# Natural gas/heat in edmonton=fixed or variable better in winter?



## Mike1 (Jul 22, 2015)

Hi,
I have taken natural gas through enmax in edmonton. Was wondering for this winter, is it better to keep it fixed or variable? Which will be cheap for winter?

Thank you


----------



## crr243 (Nov 2, 2015)

The peak regulated rate last winter was 4.184/GJ. The average of Dec 2014 - Feb 2015 was 3.33/GJ.

Most floating plans then add 0.90/GJ to the floating rate, so the rate you would have paid last Winter is 4.23/GJ. Natural gas prices this year have been trending lower. 
Most fixed rate plans right now are 4.99/GJ, which is 18% higher than last year's winter average. I believe last year at this time, fixed rates were 5.99/GJ, which would have been 40% more expensive than the floating rate.

Depending on which retailer you deal with, admin costs are the whether you're on the floating or the fixed rate.

Without doing too much further analysis, I'm sticking with floating.


----------



## crr243 (Nov 2, 2015)

Here are historic rates for gas: http://www.atcogas.com/Rates/Documents/South-Low-Use-Jan-2006-to-Current-Rates.pdf

There are only a couple months of the year where I would have benefited from being on the fixed rate, but some of those are staggering (ex: March, 2014 when rates were over 9.00/GJ).

Given that ENMAX has dropped their fixed rates (6.99/kWh and 4.99/GJ), I may have to put more analysis into this!


----------



## Mike1 (Jul 22, 2015)

Hi,
Thank you so much.
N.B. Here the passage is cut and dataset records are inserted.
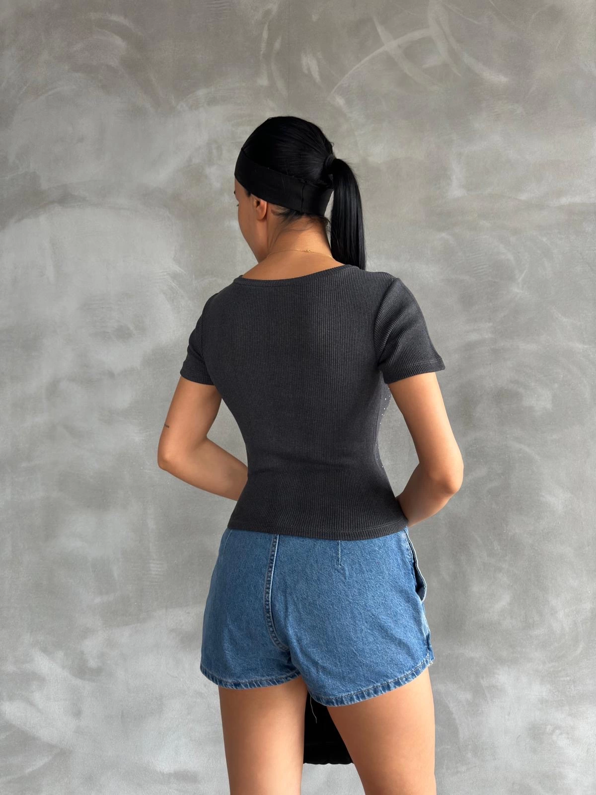 Kadın Kolsuz Boyundan çapraz Geçirmeli Göğüs Damla Detay Kaşkorse Bluz
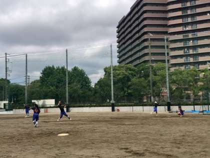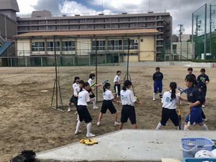 ソフトボール部の様子です。1年生はバントの基本について指導を受け、上級生はピッチング練習を行なっています。
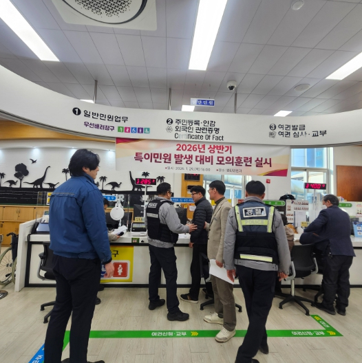 [뉴스다컴] 고성군은 1월 29일 군청 열린민원과에서 고성경찰서와 연계하여'2026년 상반기 특이민원 대응 모의훈련'을 실시했다.

So I think floating is good. Also, is direct energy good if I am bundling electricity and gas? Admin cost for electricity and gas through enmax is around $14 and through direct energy it is around $9

Thank you


----------



## crr243 (Nov 2, 2015)

Mike1 said:


> Hi,
> Thank you so much. So I think floating is good. Also, is direct energy good if I am bundling electricity and gas? Admin cost for electricity and gas through enmax is around $14 and through direct energy it is around $9
> 
> Thank you


You have 2 posts on the same topic. I answered this in your other post.


----------